#### TASK OBJECTIVE:
In the listing that follows, find the line with "NEW Blondo Waterproof", then copy exactly from it through the line with "324 - ناه أَبُو", leaving out every picture.

++++ EXERCISE DATA ++++

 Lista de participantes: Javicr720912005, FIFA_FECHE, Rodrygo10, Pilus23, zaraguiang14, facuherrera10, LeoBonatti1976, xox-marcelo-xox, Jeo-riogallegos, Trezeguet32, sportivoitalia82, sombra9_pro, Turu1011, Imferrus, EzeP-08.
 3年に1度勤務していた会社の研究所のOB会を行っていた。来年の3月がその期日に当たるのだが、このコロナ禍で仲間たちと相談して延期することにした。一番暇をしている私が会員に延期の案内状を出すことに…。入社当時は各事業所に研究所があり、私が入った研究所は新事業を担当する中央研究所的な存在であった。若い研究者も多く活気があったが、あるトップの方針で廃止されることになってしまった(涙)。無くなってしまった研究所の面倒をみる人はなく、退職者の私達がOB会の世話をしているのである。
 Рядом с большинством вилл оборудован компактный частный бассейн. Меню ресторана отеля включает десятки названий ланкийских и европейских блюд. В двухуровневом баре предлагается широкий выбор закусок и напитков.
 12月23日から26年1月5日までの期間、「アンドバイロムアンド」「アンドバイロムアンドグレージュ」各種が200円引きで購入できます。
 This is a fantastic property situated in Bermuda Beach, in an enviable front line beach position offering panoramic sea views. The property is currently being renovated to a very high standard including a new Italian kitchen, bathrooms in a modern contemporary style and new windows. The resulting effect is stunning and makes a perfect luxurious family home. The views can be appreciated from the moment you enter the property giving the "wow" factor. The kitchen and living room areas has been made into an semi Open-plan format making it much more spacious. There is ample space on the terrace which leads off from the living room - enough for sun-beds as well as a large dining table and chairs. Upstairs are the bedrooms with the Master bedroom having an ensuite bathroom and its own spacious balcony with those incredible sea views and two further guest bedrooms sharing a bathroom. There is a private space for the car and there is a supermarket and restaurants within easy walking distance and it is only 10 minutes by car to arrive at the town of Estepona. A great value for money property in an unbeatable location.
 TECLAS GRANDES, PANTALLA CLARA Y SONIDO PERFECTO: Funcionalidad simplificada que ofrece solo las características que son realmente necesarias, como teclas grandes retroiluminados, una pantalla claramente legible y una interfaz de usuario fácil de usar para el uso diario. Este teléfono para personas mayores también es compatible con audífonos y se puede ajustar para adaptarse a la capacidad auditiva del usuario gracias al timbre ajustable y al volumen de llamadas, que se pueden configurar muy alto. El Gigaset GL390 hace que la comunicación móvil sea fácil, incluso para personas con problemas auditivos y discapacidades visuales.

++++
++++ EXERCISE DATA ++++

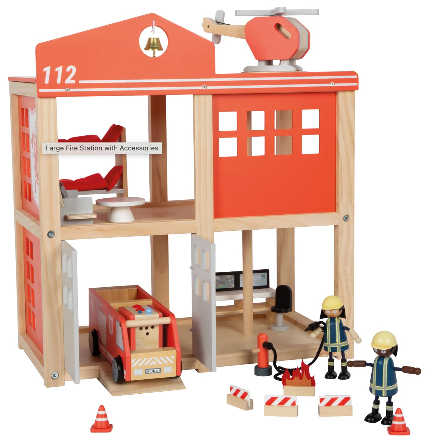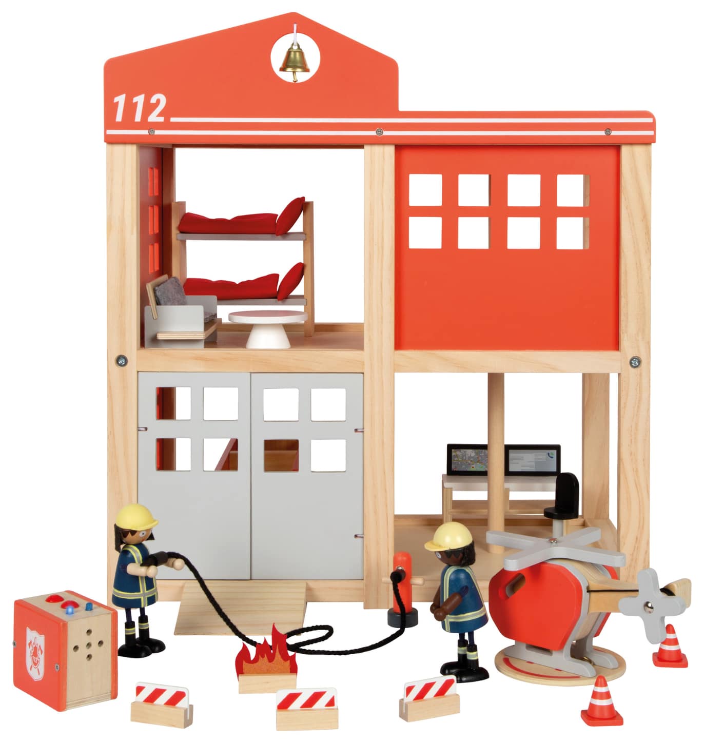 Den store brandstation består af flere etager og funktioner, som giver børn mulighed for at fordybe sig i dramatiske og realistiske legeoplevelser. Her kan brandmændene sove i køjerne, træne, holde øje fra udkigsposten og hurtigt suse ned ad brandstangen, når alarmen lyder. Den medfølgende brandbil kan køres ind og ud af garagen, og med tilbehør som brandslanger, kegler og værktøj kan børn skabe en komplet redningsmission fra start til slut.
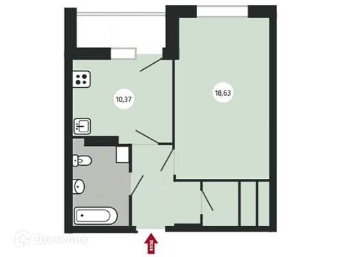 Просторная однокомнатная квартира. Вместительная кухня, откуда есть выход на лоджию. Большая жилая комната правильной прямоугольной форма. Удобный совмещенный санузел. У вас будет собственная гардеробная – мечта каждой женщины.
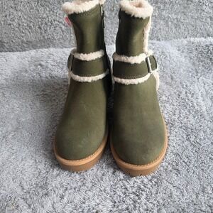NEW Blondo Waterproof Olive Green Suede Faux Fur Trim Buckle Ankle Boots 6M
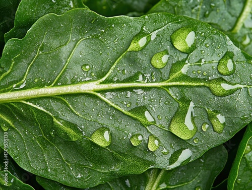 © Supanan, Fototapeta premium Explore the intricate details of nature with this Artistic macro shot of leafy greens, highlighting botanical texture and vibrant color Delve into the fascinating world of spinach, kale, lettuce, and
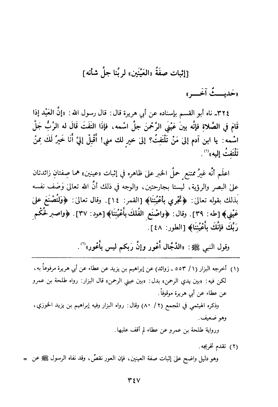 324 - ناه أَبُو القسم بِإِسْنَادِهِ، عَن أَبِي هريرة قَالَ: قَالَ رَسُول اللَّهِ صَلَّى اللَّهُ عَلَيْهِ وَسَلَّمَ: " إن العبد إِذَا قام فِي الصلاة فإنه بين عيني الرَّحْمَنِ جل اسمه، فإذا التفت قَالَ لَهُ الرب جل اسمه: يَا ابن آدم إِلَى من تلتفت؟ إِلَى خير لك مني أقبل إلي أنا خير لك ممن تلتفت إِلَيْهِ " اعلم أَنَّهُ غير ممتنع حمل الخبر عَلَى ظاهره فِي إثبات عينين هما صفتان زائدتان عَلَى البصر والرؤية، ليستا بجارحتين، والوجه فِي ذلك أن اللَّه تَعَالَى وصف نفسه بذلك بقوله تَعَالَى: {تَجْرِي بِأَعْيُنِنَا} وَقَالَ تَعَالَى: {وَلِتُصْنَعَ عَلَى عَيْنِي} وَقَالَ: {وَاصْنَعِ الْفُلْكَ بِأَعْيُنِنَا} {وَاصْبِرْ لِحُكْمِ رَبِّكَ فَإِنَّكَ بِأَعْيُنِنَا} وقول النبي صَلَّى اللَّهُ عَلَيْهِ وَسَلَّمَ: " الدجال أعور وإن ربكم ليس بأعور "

++++

#### SOLUTION FOR THIS PROBLEM:
NEW Blondo Waterproof Olive Green Suede Faux Fur Trim Buckle Ankle Boots 6M
 © Supanan, Fototapeta premium Explore the intricate details of nature with this Artistic macro shot of leafy greens, highlighting botanical texture and vibrant color Delve into the fascinating world of spinach, kale, lettuce, and
 324 - ناه أَبُو القسم بِإِسْنَادِهِ، عَن أَبِي هريرة قَالَ: قَالَ رَسُول اللَّهِ صَلَّى اللَّهُ عَلَيْهِ وَسَلَّمَ: " إن العبد إِذَا قام فِي الصلاة فإنه بين عيني الرَّحْمَنِ جل اسمه، فإذا التفت قَالَ لَهُ الرب جل اسمه: يَا ابن آدم إِلَى من تلتفت؟ إِلَى خير لك مني أقبل إلي أنا خير لك ممن تلتفت إِلَيْهِ " اعلم أَنَّهُ غير ممتنع حمل الخبر عَلَى ظاهره فِي إثبات عينين هما صفتان زائدتان عَلَى البصر والرؤية، ليستا بجارحتين، والوجه فِي ذلك أن اللَّه تَعَالَى وصف نفسه بذلك بقوله تَعَالَى: {تَجْرِي بِأَعْيُنِنَا} وَقَالَ تَعَالَى: {وَلِتُصْنَعَ عَلَى عَيْنِي} وَقَالَ: {وَاصْنَعِ الْفُلْكَ بِأَعْيُنِنَا} {وَاصْبِرْ لِحُكْمِ رَبِّكَ فَإِنَّكَ بِأَعْيُنِنَا} وقول النبي صَلَّى اللَّهُ عَلَيْهِ وَسَلَّمَ: " الدجال أعور وإن ربكم ليس بأعور "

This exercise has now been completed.